Прежде всего он имел в виду фройляйн Штарк, и мне это казалось страшно несправедливым: без нее он просто пропал бы — она утюжила ему его сутаны, варила и жарила, сметала пыль с книг, натирала пол в зале, надраивала до блеска колонны, чистила сортиры, а когда монсеньер возвращался домой ночью пьяный, как сапожник, она надевала на него ночную рубаху, как слуга Лампе надевал своему поборнику критики разума пояс для чулок. Слышала ли она когда-нибудь хоть слово благодарности? Вряд ли. Да и зачем ей благодарность? Это же все вздор, не имеющий значения, призрачная жизнь в иллюзорном мире простаков. К тому же, вылезая утром из кровати, дядюшка уже не помнил, как он в нее попал.

Одним словом, для дядюшки я был отныне отрезанный ломоть, зато теперь я совсем другими глазами смотрел на фройляйн Штарк. Она это заслужила, честное слово! Без нее книжный ковчег давно бы уже налетел на рифы, скрипторий погряз в пьянстве, а дядюшка кончил свою карьеру под забором. Это она, а не Шторхенбайн, держала в руках смотрителей, это она начинала день и поила нас кофе, а вечером, когда Вечерняя Красавица выписывала свои круги на сверкающем льду паркета в зале, объявляла его законченным. Она была единственной женщиной на борту ковчега, и по воскресеньям, когда она меняла свой альпийский наряд — вельветовые брюки и клетчатую рубаху — на юбку и блузку, она нравилась мне больше, чем многие из наших посетительниц.

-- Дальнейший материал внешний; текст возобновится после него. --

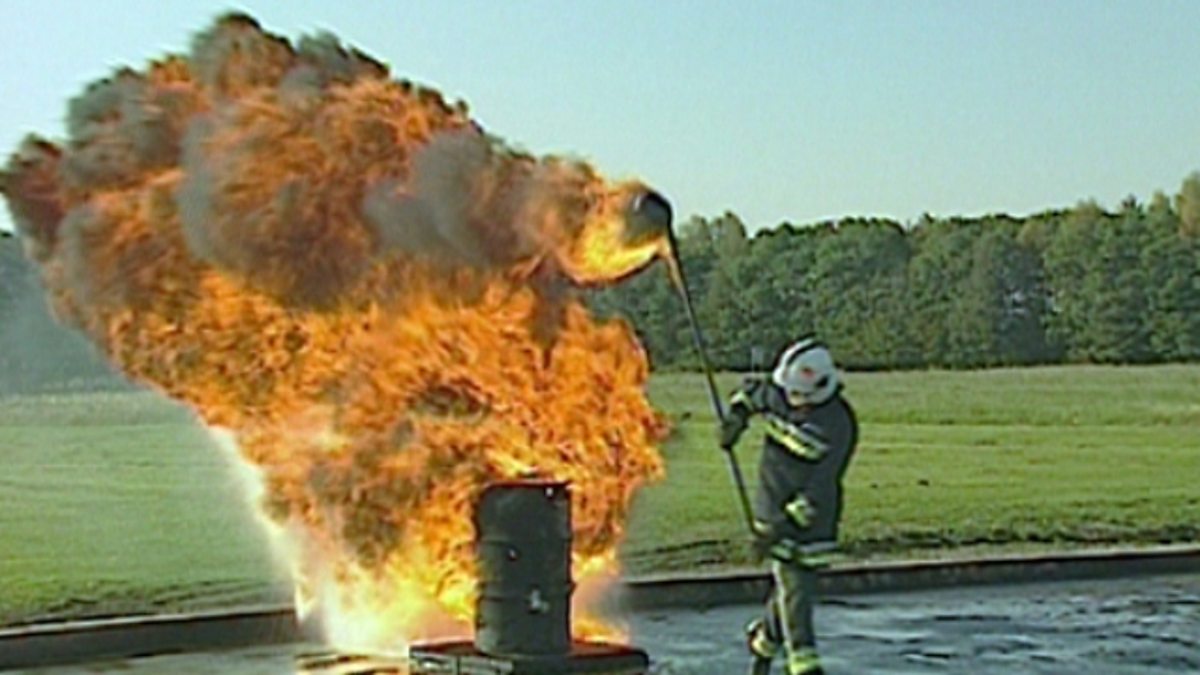 Demonstration showing petrol burning, highlighting the reason why some liquids are very flammable. Evaporisation is discussed which, unlike boiling, can occur at any temperature. Petrol evaporates in normal temperatures and it is the gas on top of the liquid that is flammable.

Позади у нас с ней был нелегкий период, мы оба помнили это. Я грешным делом глазел куда не следует, и она на меня наябедничала. Потом была попавшая под дождь мясная лавка из Линца, и она всыпала мне за это вязальных спиц. Но теперь чемодан был закрыт, мерзкое звяканье отошло в прошлое, а я со слезами на глазах пообещал ей стать человеком, и фройляйн Штарк опять любила меня.

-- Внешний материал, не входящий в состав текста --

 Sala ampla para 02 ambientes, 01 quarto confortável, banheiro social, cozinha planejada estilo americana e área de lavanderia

Некоторое время все шло по плану, процесс моего очеловечивания приносил зримые плоды. С пунктуальностью, достойной самого Канта, я заступал на свой башмачный пост и прилежно обслуживал каждую протянутую мне ногу ни на секунду не позволяя себе расслабиться, неизменно вежлив и корректен, а если появлялась фройляйн Штарк, чтобы проверить, как я исполняю свой долг, я изо всех сил, судорожно выпучив глаза, концентрировал свое внимание на обрабатываемой в данную минуту ноге.

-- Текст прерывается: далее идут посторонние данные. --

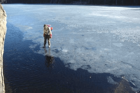 Isen hadde allerede gått på Nøklevann, da jeg sykla forbi fra Ulsrud, men på lille Hauktjern var det tykk is over det meste av vannet. Jeg var på jakt etter et vann hvor vi kunne gjøre en plumpeøvelse på våris. Dumt nok var jeg alene, og det var for sent på formiddagen. Jeg starta i sørenden på fast hard knudrete is hvor staven knapt satte merke, og holdt meg langs land, men vel halvveis sa det bare svusj, og der lå jeg. Det var ikke noe sol på isen, men det hadde vært sol der ei lita stund tidligere. Tjernet ligger nede i terrenget og er skjerma for sol mye av dagen, men akkurat her hadde sola smuldra opp isen, og når det første hadde gått hull, fortsatte oppløsningen også der den først hadde vært solid, omtrent som å ta bort strikken rundt pinner som holdes sammen. Staven jeg la på isen for å løfte meg opp, forsvant bare ned i. Jeg måtte bryte tykk is inn mot land, og kave vekk isklumper. Etter ei stund ble jeg sliten, men to unge damer som var ute på joggetur, så meg fra andre siden av vannet, og ropte over. Jeg sa det gikk greit, men begynte å bli sliten. De hadde ringt luftambulansen med en gang de så meg, og da jeg fikk høre det, la jeg meg bare til i råka, helt stille, for å spare varme og krefter, og vente på helikopteret. Det var et riktig valg. Jeg hadde fremdeles 10 – 15 meter til land.

Вместо того чтобы, как прежде, карабкаться вместе с дядюшкой на хоры, к органу, я теперь после утренней мессы направлялся к «гроту» Мадонны; в субботу после обеда я отпросился со службы («Что, опять исповедоваться? Молодец! Правильно!»), а в воскресенье вместе с фройляйн Штарк, которая надела по этому случаю свою охотничью шляпку, принял, как карп, широко раскрыв рот, святое причастие. Я старался, я молился, я был кроток и добр, а значит, находился на верном пути. А что мне еще оставалось? С каждым новым днем осени моя будущая ипостась — этот святоша в рясе и черных шерстяных носках — подступала ко мне все ближе и решительней, и у меня была одна-единственная возможность избежать участи быть укокошенным им: двинуться ему навстречу. Заранее стать тем, кем он хотел меня сделать: человеком, обыкновенным, как все. Одним из них, одним из множества. Фройляйн Штарк взирала на это с горделивой радостью. Она чувствовала: вот теперь он взялся за ум, теперь он действительно борется, теперь он уж точно исправится и станет человеком.

— Я чувствую это, — шепнула она мне как-то раз утром перед «гротом» Мадонны. — У тебя все получится!

Я чуть заметно покачал головой. Фройляйн Штарк, разве вы не видите, что я молюсь?

Загрузка...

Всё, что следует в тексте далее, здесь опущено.